An exact restatement of the data is required, with the images omitted.

GIVEN INFORMATION:
☆ ☆ ☆ ☆
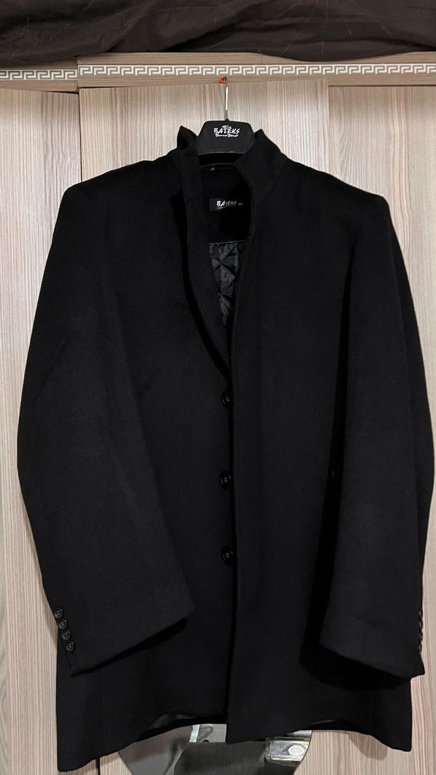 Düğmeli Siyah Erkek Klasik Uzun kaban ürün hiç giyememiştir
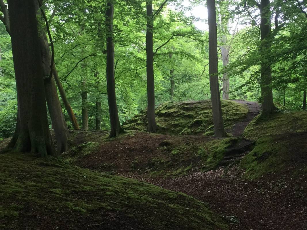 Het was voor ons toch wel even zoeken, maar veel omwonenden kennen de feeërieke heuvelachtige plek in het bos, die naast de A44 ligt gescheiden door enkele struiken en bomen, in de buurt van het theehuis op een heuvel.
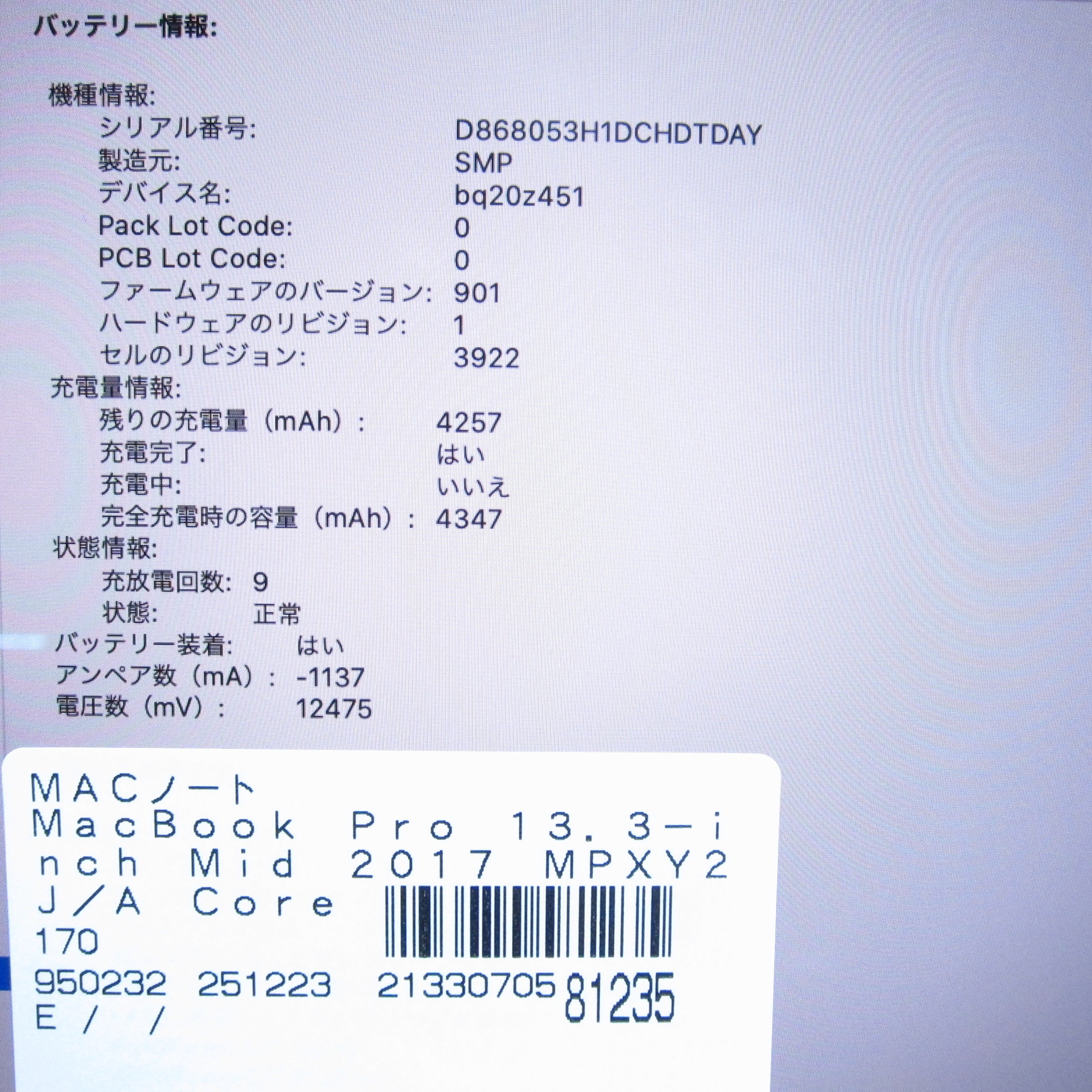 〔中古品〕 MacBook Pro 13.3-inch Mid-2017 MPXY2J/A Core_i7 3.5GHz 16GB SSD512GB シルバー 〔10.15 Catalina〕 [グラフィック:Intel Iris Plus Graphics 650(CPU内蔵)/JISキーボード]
☆ ☆ ☆ ☆
SOLUTION:
 Düğmeli Siyah Erkek Klasik Uzun kaban ürün hiç giyememiştir
 Het was voor ons toch wel even zoeken, maar veel omwonenden kennen de feeërieke heuvelachtige plek in het bos, die naast de A44 ligt gescheiden door enkele struiken en bomen, in de buurt van het theehuis op een heuvel.
 〔中古品〕 MacBook Pro 13.3-inch Mid-2017 MPXY2J/A Core_i7 3.5GHz 16GB SSD512GB シルバー 〔10.15 Catalina〕 [グラフィック:Intel Iris Plus Graphics 650(CPU内蔵)/JISキーボード]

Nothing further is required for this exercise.